我可以使用其他一些有助于加快读取这些文件的方法吗?
I am working on a big server with several cores so memory is not an issue.我正在使用具有多个内核的大型服务器,因此 memory 不是问题。 I can safely load the whole files into memory.
我可以安全地将整个文件加载到 memory 中。 Maybe they are the same thing in this case but my goal is to optimize on time and not on resources.
也许在这种情况下它们是相同的,但我的目标是按时间而不是资源进行优化。
Update更新
Based on the comments so far here are a few additional details about the data and my ultimate goal.根据到目前为止的评论,这里有一些关于数据和我的最终目标的额外细节。
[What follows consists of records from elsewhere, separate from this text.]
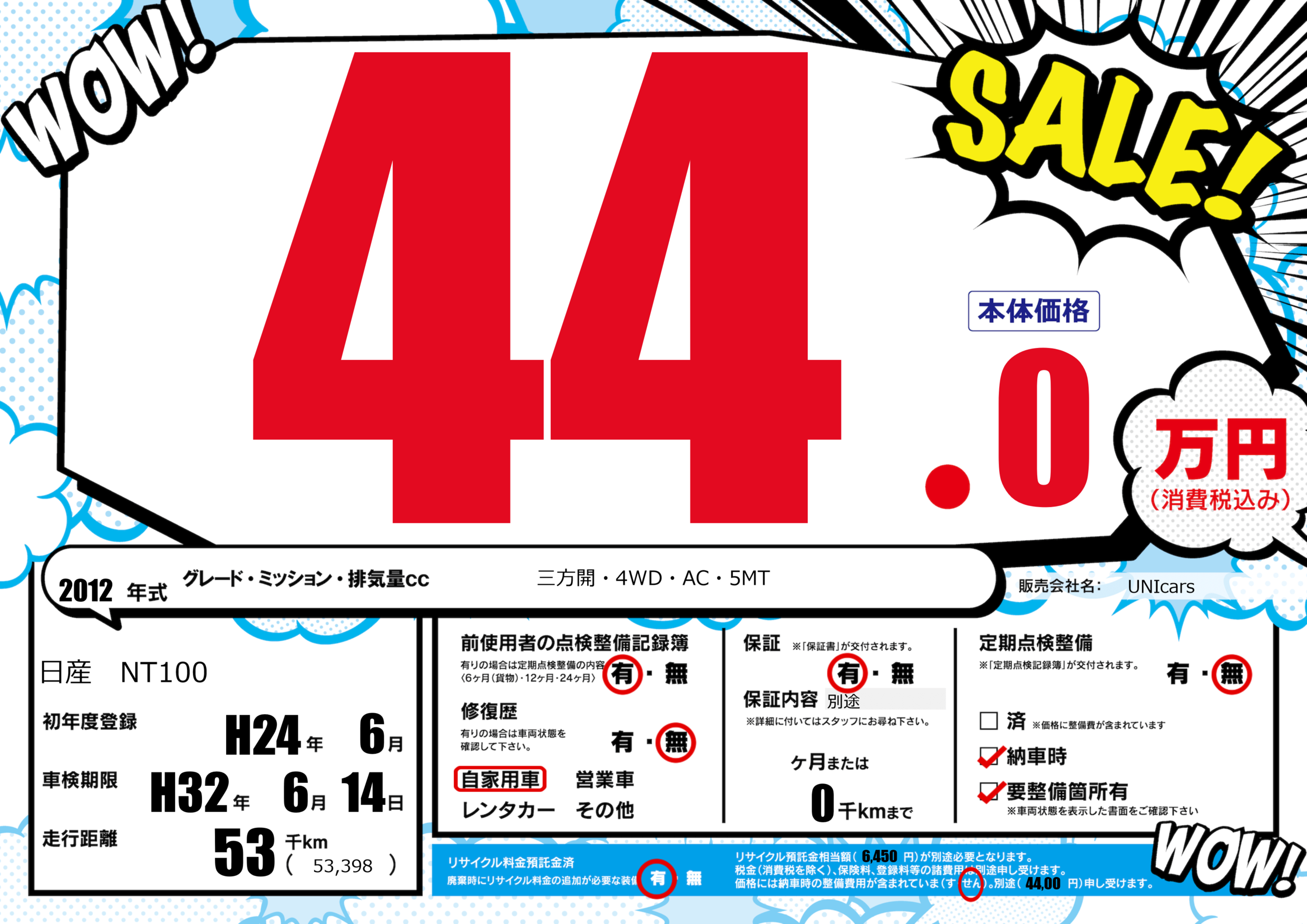 保証付き 保証内容(別途) ---ヶ月または(0)千kmまで |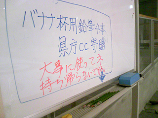 2011-03-06 バナナ杯カーリングの専用鉛筆(笑) 出来事 カーリング 青森県庁CCからバナナ杯に、 限りなくささやかな贈り物です。 ホワイトボードはかなり大げさですが(笑)。 スコアへの記入、 FAXシートへの記入、 対戦表への記入などにお使いください。 鉛筆削りもありますよ。 いや~、何て大げさなんだ! ささやかなのに!(笑) 【追加】 あまりにも大げさなので書き換えました↓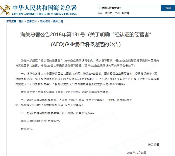 近日,海关总署发布《关于明确“经认证的经营者”(AEO)企业编码填报规范的公告》,境外收发货人填写又有新规定了,之前AEO编码填制要求与本公告不符的,以本公告为准。本公告自2018年11月1日起施行。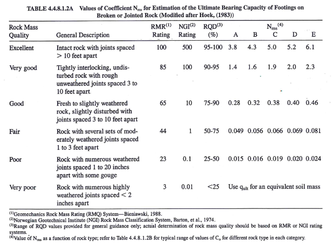 αE = 0.0231(RQD) - 1.32 ≤0.15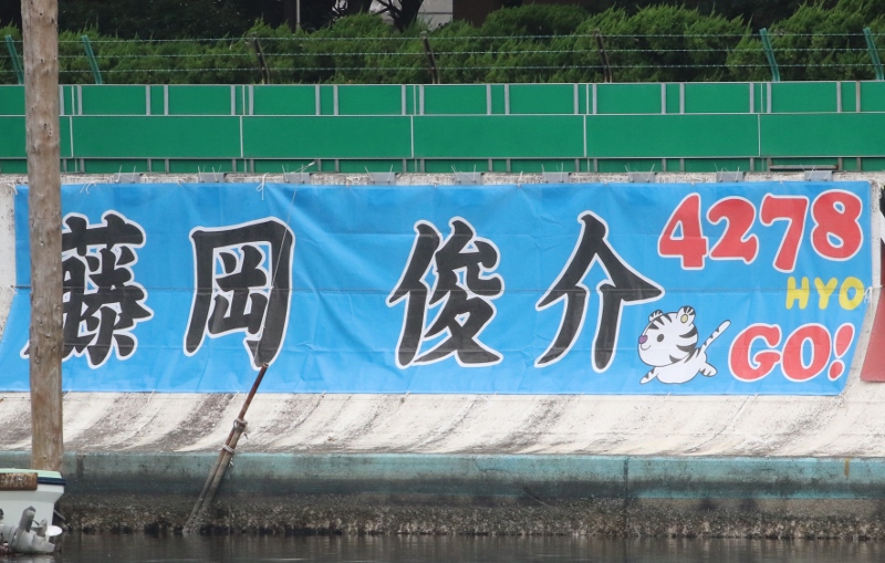 いよいよ開幕!水面には張り切れない程の横断幕が!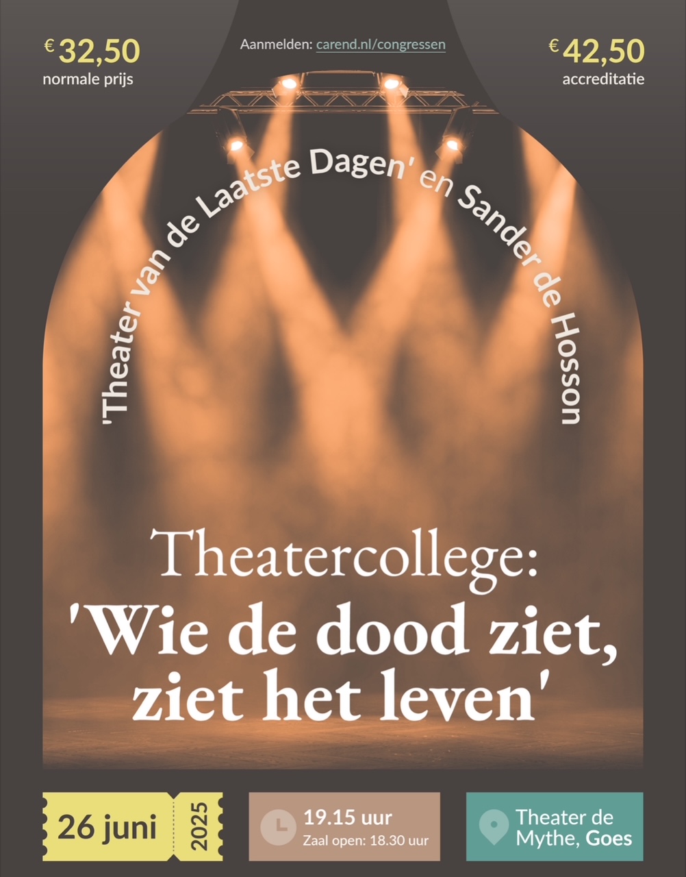 Carend nodigt je uit voor een uniek theatercollege met Sander de Hosson, longarts en expert in de palliatieve zorg, en een ontroerende voorstelling van Theater van de Laatste Dagen. Een avond vol échte verhalen en onvergetelijke ervaringen, met zowel een lach als een traan. Inschrijven kan via deze site. De avond wordt georganiseerd in samenwerking met het Palliatief Netwerk Zeeland. De avond vindt plaats op 26 juni 2025 in het theater 'De Mythe' in Goes.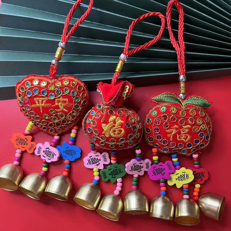 新年の民族風刺繍風鈴のペンダント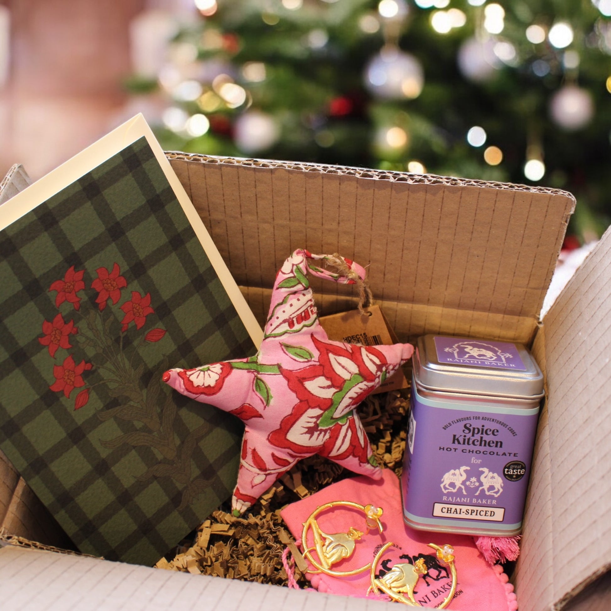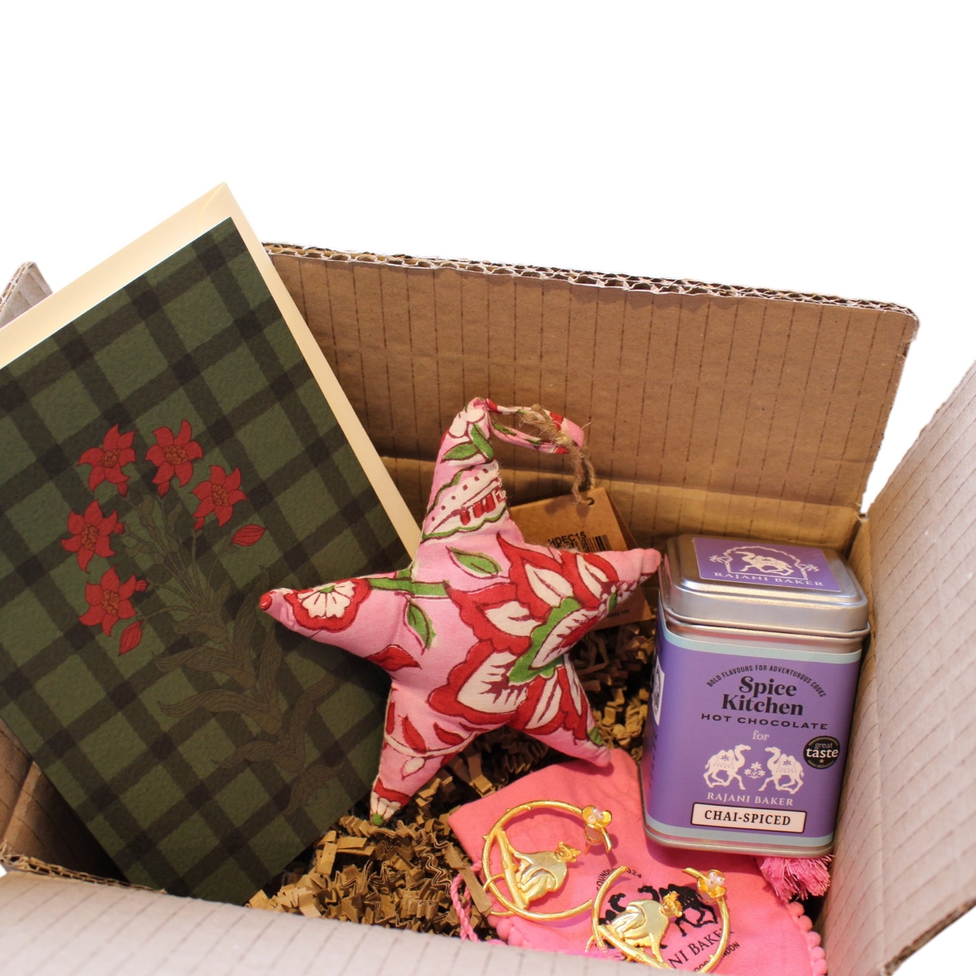 A bundle gift box with one each of: red flower with green squares greeting card, block print ornament (random selection - may be a star, heart, or stocking), monkey earrings, and chai-spiced hot chocolate tin.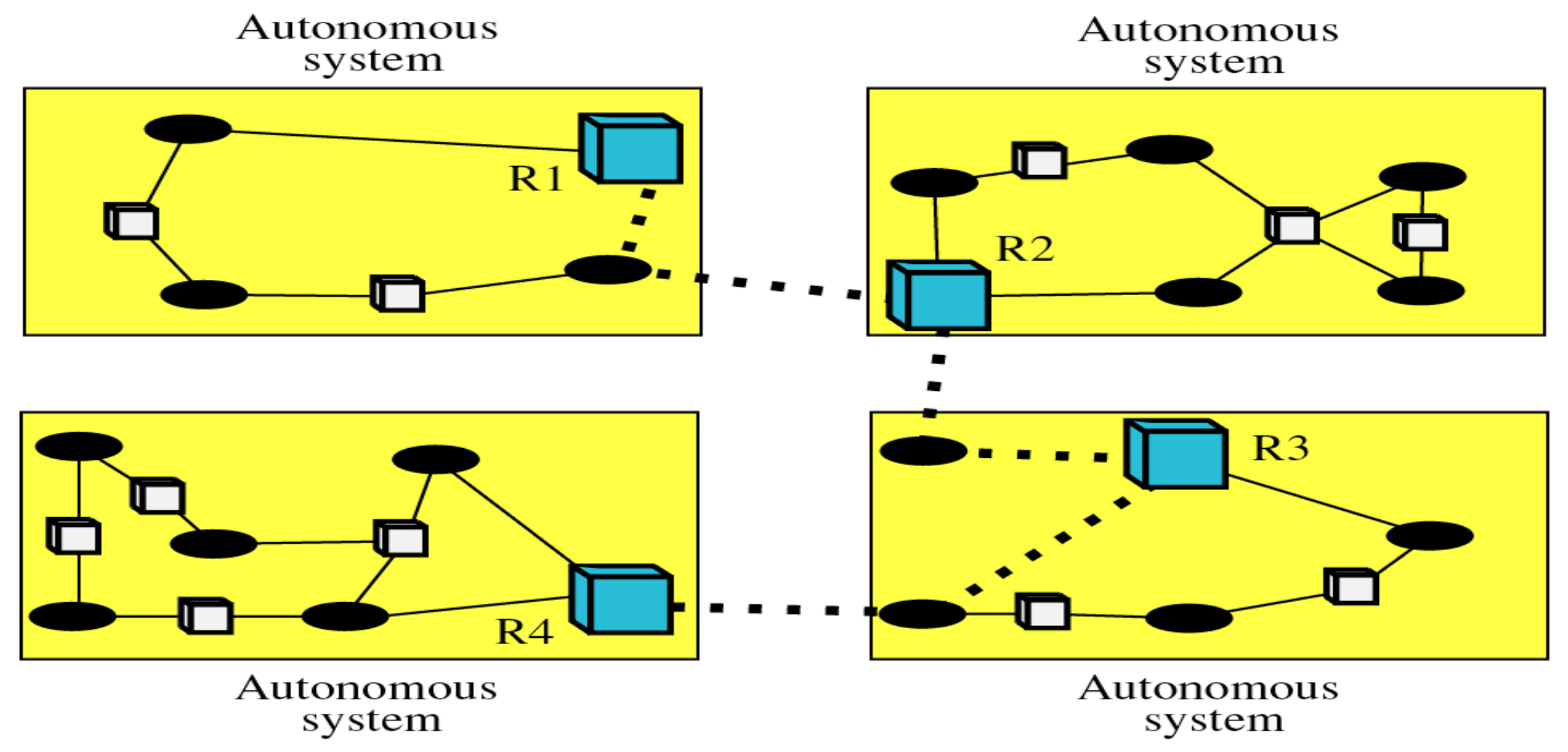 이 한 AS 내에서 동작하는 프로토콜을 Interior routing이라고 하고, AS 내에 있는 컴퓨터가 다른 AS에 있는 컴퓨터와 통신할 때 사용하는 프로토콜은 Exterior routing이라고 한다.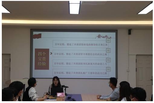 活动中,周鹭老师带领全体成员认真学习习近平总书记在中国共青团成立100周年大会上发表的重要讲话,回顾了共青团的百年奋斗历程,为大家讲述了共青团在百年历程中得到的四条宝贵经验——“坚持党的领导、坚守理想信念、投身民族复兴、扎根广大青年”。通过学习,周鹭老师对青卓班的学员们提出了几点希望:青年同学要坚定理想信念,努力学习科学文化知识及提高人文素养,敢于斗争、善于斗争,艰苦奋斗、无私奉献,崇德向上、严守纪律,在学习生活中发挥先锋模范带头作用。

Since we are taking time as a metric here, then your memory size is not the main factor we should be looking at, actually on the contrary all methods using lazy loading(less memory and only load objects when needed) are much much faster than loading all data at once in memory, you can check out dask
as it provides such lazy read function.由于我们在这里将时间作为衡量标准,因此您的 memory 大小不是我们应该关注的主要因素,实际上相反,所有使用延迟加载的方法(更少 memory 并且仅在需要时加载对象)比加载快得多memory 中的所有数据一次,您可以查看
dask
,因为它提供了这样的惰性读取 function。 https://dask.org/ https://dask.org/
start_time = time.time()
data = dask.dataframe.read_csv('rg.csv')
duration = time.time() - start_time
print(f"Time taken {duration} seconds") # less than a second
But as I said this won't load data in memory, but rather load only portions of data when needed, you could however load it in full using:但是正如我所说,这不会在 memory 中加载数据,而是在需要时仅加载部分数据,但是您可以使用以下方法完全加载它:
data.compute()
If you want to load things faster in memory, then you need to have good computing capabilities in your server, a good candidate that could benefit from such capabilities is ParaText
https://github.com/wiseio/paratext You can benchmark ParaText against readcsv using the following code:如果您想在 memory 中更快地加载内容,那么您需要在您的服务器中具有良好的计算能力,可以从这些能力中受益的一个很好的候选人是
ParaText
https://github.com/wiseio/paratext您可以将 ParaText 与 readcsv 进行基准测试使用以下代码:
import time
import paratext
start_time = time.time()
df = paratext.load_csv_to_pandas("rg.csv")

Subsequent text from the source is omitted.